Из всех понятий, которые мы используем для передачи своих чувств и состояний, нет, пожалуй, более возвышенного и в то же время более затасканного и опошленного, чем любовь. Мы с пафосом вторим Священному Писанию, что Бог есть Любовь. Мы говорим о любви к ближнему. И в то же время мы утверждаем: «Я так люблю поесть», «Я люблю ходить в кино», «Я люблю пиво» и т. п. Что же стоит за столь всеобъемлющим словом и что мы имеем в виду, когда заявляем: «Я люблю своего ребенка»?

Заранее предвидятся возражения некоторых читателей. Разве можно любовь подвергнуть безжалостному анатомированию? Разве любовь не есть нечто загадочное, в сущности своей неопределимое и доступное лишь в непосредственном переживании? С этим нельзя не согласиться. Поэтому и говорить мы будем не о любви как таковой, а о чувствах, питаемых матерью к ребенку и ребенком к матери. А вот тут-то п важно понять, всегда ли эти отношения основаны на любви.

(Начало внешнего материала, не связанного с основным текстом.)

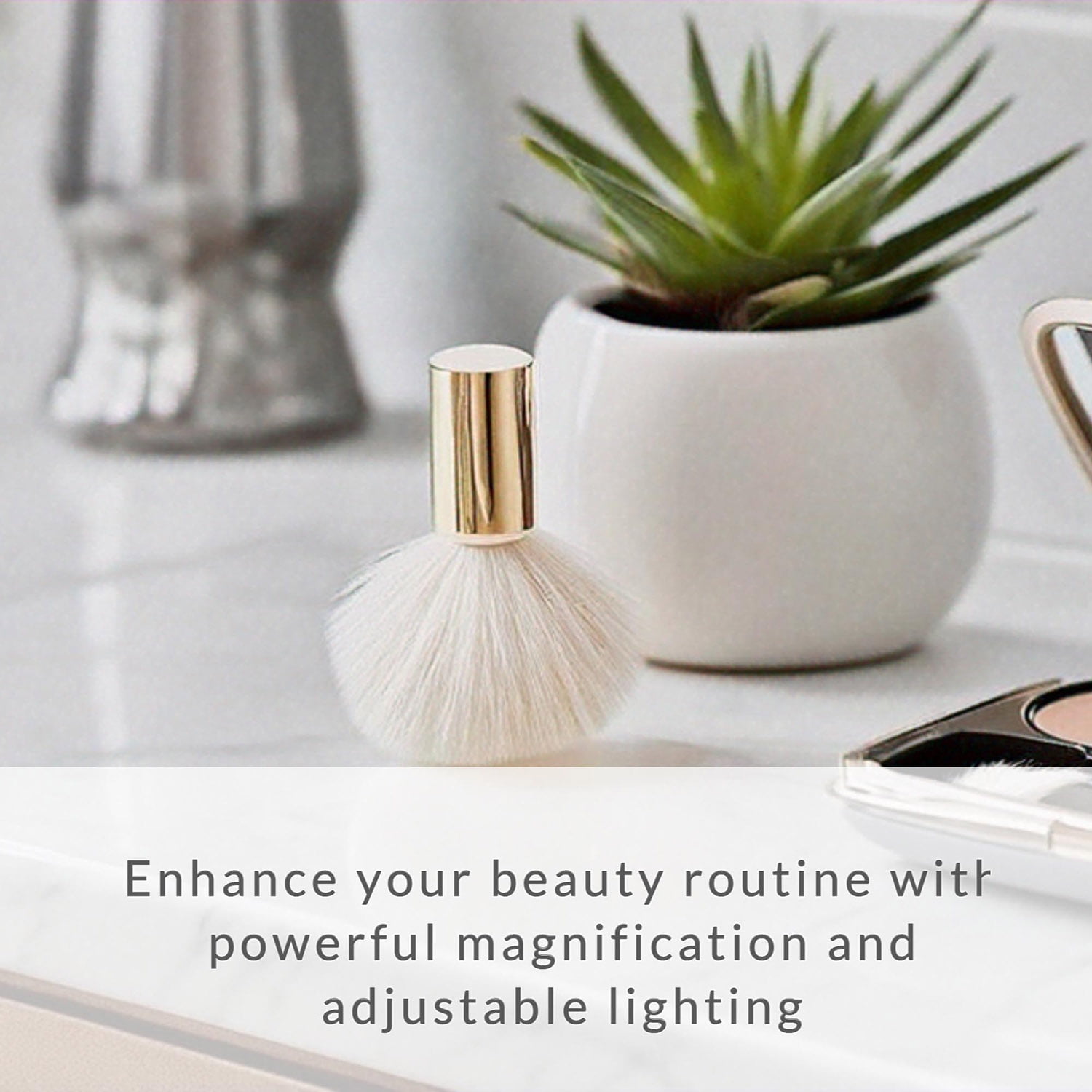 LIGHTED MAGNIFYING MIRROR – Lighted personal makeup mirrors are a must have in any bathroom. Bright LEDs with 2 lighting modes let you see clearly to apply makeup, tweeze brows, shave, and much more. 15X COMPACT MIRROR – Powerful 15x magnifying mirror with lights has bright LEDs, so you see the smallest details. Distortion-free DFP 6-1/2″ glass mirror with lights on stand provides a super clear image. MAGNIFYING TRAVEL MIRROR – The small magnifying mirror is the ideal travel makeup mirror with lights and magnification because the mirror detaches and it folds flat to easily fit in your suitcase, makeup case, or carry-on bag. LIGHTED SHAVING MIRROR – Not just for women, men will love this magnified mirror with lights for shaving, especially in poorly lit bathrooms or at the gym. The compact size means it can go where other magnifying mirrors can’t. DETAILS – Mirror detaches and folds flat for travel. Use with included adapter or with 4 AA batteries (not included).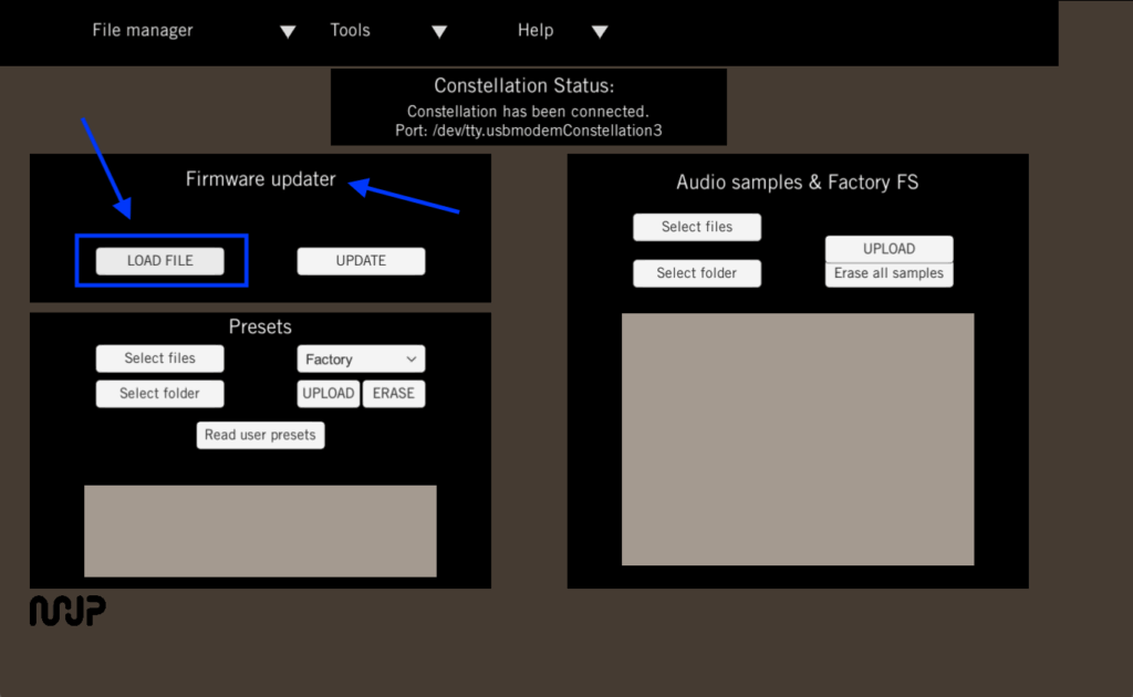 Same as Step 5, press LOAD FILE and select the binary file constellation_mcu_<xx>.bin.

Можно вовсе не задаваться подобными вопросами, считая их лишь поводом для интеллектуальных изысков, так п не дающих однозначных п четких ответов. Разве не испытывает всякая нормальная мать к своему дитю светлых и возвышенных чувств? Чувств, побуждающих жертвовать ради него своими интересами, заботиться о нем и желать ему только хорошего. Если бы только не одно важное обстоятельство. Как пи странно, но именно то, что обычно называется материнской любовью, слишком часто оказывается источником неприятностей как для малыша, так и для матери — болезней, отклонений в развитии на первом году жизни и психологических проблем в более старшем возрасте.

 

Из чего же складываются отношения матери и ребенка? Основа этих отношений была впервые исследована и описана в англоязычной научной литературе во второй половине XX века и получила название бондинга (от англ. bond — связывать, соединять). Когда говорят о «материнском инстинкте», позволяющем матери быть чувствительной к своему малышу, дающем ей возможность безошибочно, как бы интуитивно, «знать» его состояние и потребности, о незримых узах, связывающих мать и младенца, то говорят именно о бондинге. Хотя само понятие бондинга и его значение гораздо шире.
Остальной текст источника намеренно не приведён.